Fast-food giant MacDonald's (MCD) likes the concept of EarthShell’s packaging and has been testing containers for a year at over 100 locations in Chicago. EarthShell announced this week that met its commitment to supply McDonald’s a newly designed Big Mac container. To receive approval for the design, the container had to meet McDonald’s world-class performance requirements for distribution, warehousing, store operations and customer expectations.

“Supplying the McDonald’s restaurants, currently using the EarthShell package, with the final product design must be seen as an important milestone,” said Simon K. Hodson, Chief Executive Officer of EarthShell Corporation. “Capacity is being readied for expanded use of the hinged container to more McDonald’s locations in the Midwest and the introduction of the product to the West Coast in the near future.”

The market replied favorably to news of the redesigned product. EarthShell’s stock price rose 60 cents the day after the announcement, about 19 percent, closing at $3.69. At the end of trading today the price was $3.90

The Big Mac containers are made from reclaimed potato starch, natural limestone and post-consumer recycled fiber, biodegradable polymer and wax coatings, and water. The post-consumer recycled fiber means that no trees were cut, a feature McDonald’s seems to value.

Product development has been an expensive process for EarthShell and its founders. More than $25,000,000 has been spent in researching, testing, and developing the environmental attributes of the firm’s packaging.

EarthShell is also beginning to go after the hot beverage cup market, which in the U.S. alone is valued at just over $1 billion annually. It recently announced that after extensive in-house testing of the first EarthShell hot beverage cups, initial in-market testing will begin shortly at a California coffeehouse chain.

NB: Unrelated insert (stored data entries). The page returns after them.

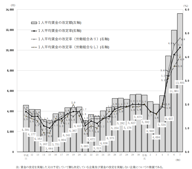 29Oct2025平均賃金の改定額・改定率の推移2025年10月29日12約1分データ解説1人当たりの平均賃金の改定額・改定率ともに、平成23年以降増加傾向で推移し、令和2年・3年に減少するものの、その後は増加をし続けています。令和7年の1人当たりの平均賃金の改定額は13,601円で、改定率は4.4%でした。 出典:政策統括官付参事官付賃金福祉統計室「令和7年賃金引上げ等の実態に関する調査の概況」 令和7年10月14日
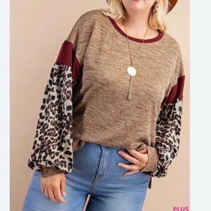 Kori Mocha leopard color-blocked top. Full drop sleeves and multiple textures. Size medium.
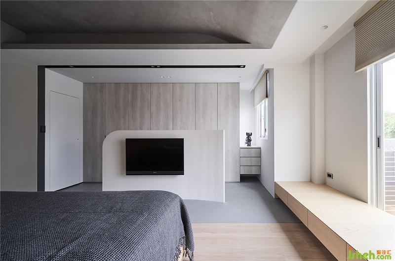 主臥室因?yàn)樵猩疃缺容^深,所以我們把電視牆往前拉,后方可以坐個(gè)簡(jiǎn)易的衣櫥空間,地板部分用木紋磚及義大利礦物涂料做界定;天花板延續(xù)一樓的弧形穴居概念,床頭板也呼應(yīng)天花板造型,用一個(gè)弧形木皮牆面修飾;窗邊則設(shè)計(jì)了一個(gè)加寬臥榻與床頭柜整合臺(tái)灣裝修設(shè)計(jì)。
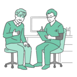 笑顔でキラキラと輝いている健康で正常な状態の胆嚢(たんのう)の擬人化キャラクターイラストです。胆汁の貯蔵と消化の役割、胆石症、胆嚢炎、胆管炎といった胆嚢・胆管系の疾患の予防や解説、健康な食生活に関するコンテンツにご利用いただけます。
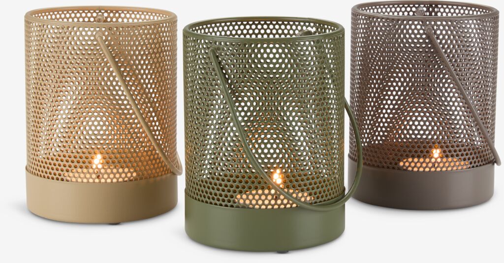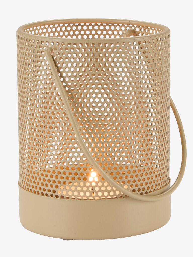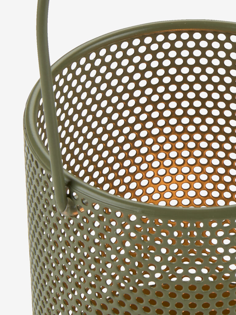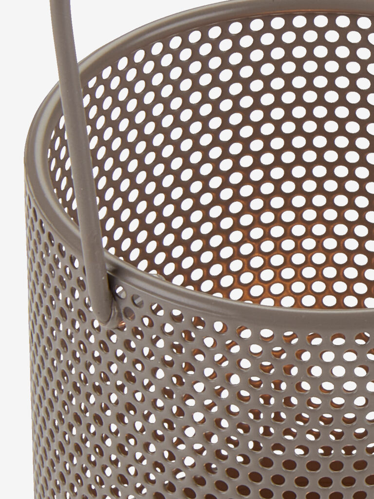 Felinar realizat din oțel vopsit electrostatic, cu un design modern, perforat. Când este aprins, creează un joc frumos de lumini. Dimensiunea sa compactă și mânerul îl fac ușor de amplasat în grădină sau în casă. Disponibil în culori variate și vândut individual. Ø8 x H10 cm
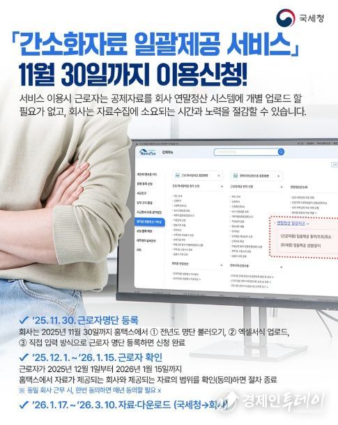 경제인투데이 류현민 기자 | 「간소화자료 일괄제공 서비스」 11월 30일까지 이용신청!
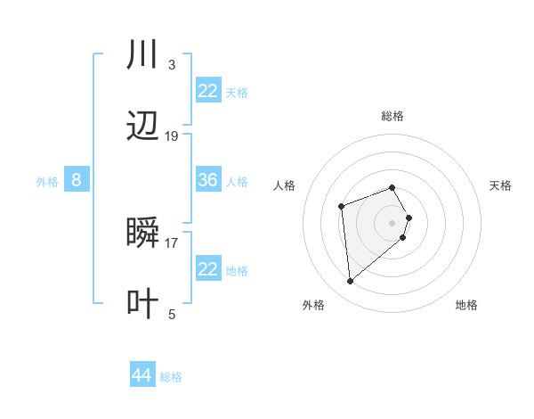 川辺 瞬叶さんの総格は44画の2点!

The potential popularity of biodegradable food containers revealed itself recently on a college campus. EarthShell disposables used at a “green graduation” at Hampshire College in Massachusetts drew rave reviews for their functionality. Hampshire College cooperates with four other nearby colleges in a recycling effort called the Five College Recycling Program. The Recycling Program managers are recommending that EarthShell products be used at campus dining facilities at all five colleges.

According to its 2001 first quarter earnings report, the company has $6.7 million in cash, no debt, and an on-target cash burn rate. And the company has retained its ability to raise equity capital.

"Our achievement of strategic milestones with regard to the clamshell, bowl and plate is currently allowing us to raise capital on more favorable terms," said Scott Houston, EarthShell Chief Financial Officer.